Compatibility with recursive models
Hi. First of all, kudos for the amazing initiative. Having something like as a Callback option in tf.keras is just amazing. However, as there are not any demo notebooks available currently to enable an interested developer to try out tf-explain, I was preparing one with a fine-tuned model using the CIFAR10 dataset. However, due to the lack of clarity on what to exactly specify in the layers_name argument while defining a callback, maybe I am getting an error after one epoch (error trace is attached
error_trace.txt
).
callbacks = [
ActivationsVisualizationCallback(
validation_data=(X_val, y_val),
layers_name=["block5_conv1"],
output_dir="logs",
),
]
My notebook is available via Colab if you want to see. Let me know why is this happening if possible and I shall be able to prepare the notebook.
Hey @sayakpaul, thanks for the kind words. The trick is that ActivationsVisualizationCallback should be used to visualize the outputs of a convolutional layer (and you are using it on a dense layer, so it cannot manage to create an image to visualize the layer). You can check the examples/callbacks.
Your usage of layers_name is the right one by the way, it is indeed a list of the target layers names.
Hope this answer helps, I might make the examples more accessible in the README. Thanks again for your feedback!
HI @RaphaelMeudec if you check the code block I provided, I specified a Conv layer only and still, it failed. The example you provided:
tf_explain.callbacks.ActivationsVisualizationCallback(validation_class_zero, 'grad_cam_target'),
I am assuming layers_name is an optional argument then?
There was a small typo in the examples. It is now fixed. layers_name is not optional and should be a List[str]. The issue with your example might come from the fact that you're inserting a bes model inside a model. The library depends on tf.keras method model.get_layer() which is not recursive I think. I'll look into it, thanks for pointing it out!
@RaphaelMeudec I think making it recursive will actually help a lot of practitioners and researchers since transfer learning and model fine-tuning is used vehemently.
@sayakpaul I've started looking into it, and Tensorflow makes it a bit hard to create a subgraph between the input of a model and a layer of a submodel. The solution to this is to flatten the submodel, so that the main model doesn't contain any submodels.
Thanks @RaphaelMeudec. Could you provide an example?

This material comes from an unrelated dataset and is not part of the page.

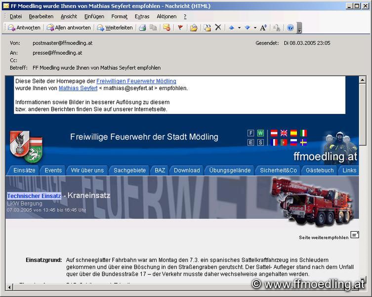 Die Zugriffe auf unsere Homepage zeigen, dass immer mehr Besucher www.ffmoedling.at als tägliche Info-Quelle nutzen. Um noch mehr Interaktivität zu bieten, können unsere stets aktuellen Einsatzberichte jetzt auch als eMail versendet werden!

@RaphaelMeudec how would you proceed with accessing a 'subgraph' by flattening the model?
I proceeded by trying:
explainer.explain(validation_data=(X,Y), model=model.layers[0], layer_name='conv5_block16_2_conv', class_index=1
where model.layers[0] is a pretrained network block. However, the GradCAM returns empty..
Edit:
I finally managed to flatten the model by using the Functional API of Keras (instead of Sequential).
Model:
backbone = DenseNet121(input_shape=input_shape, include_top=False)
lastLayer = backbone.output
predictions = K.layers.Dense(num_classes, activation='softmax')(lastLayer)
model = K.Model(inputs=backbone.input, outputs=predictions)
Any updates on this? I am using a network such : `inc = InceptionV3( weights=imagenet, include_top=False, pooling=max, input_shape=(shape[0], shape[1], 3) ) for layer in inc.layers: layer.trainable = False
model = Sequential() model.add( TimeDistributed(inc, input_shape=(chunk_frames, shape[0], shape[1], dataset_.n_channels)) ) model.add(Dropout(0.2)) model.add(LSTM(128, activation='relu', return_sequences=False, kernel_initializer=he_uniform(), bias_initializer='zeros', dropout=0.5)) model.add(BatchNormalization()) model.add(Dense(4, activation='sigmoid', kernel_initializer=glorot_normal(), bias_initializer='zeros'))`
I would like to visualiza as heatmap the activations for every frames that is fet into the LSTM. Is that possible?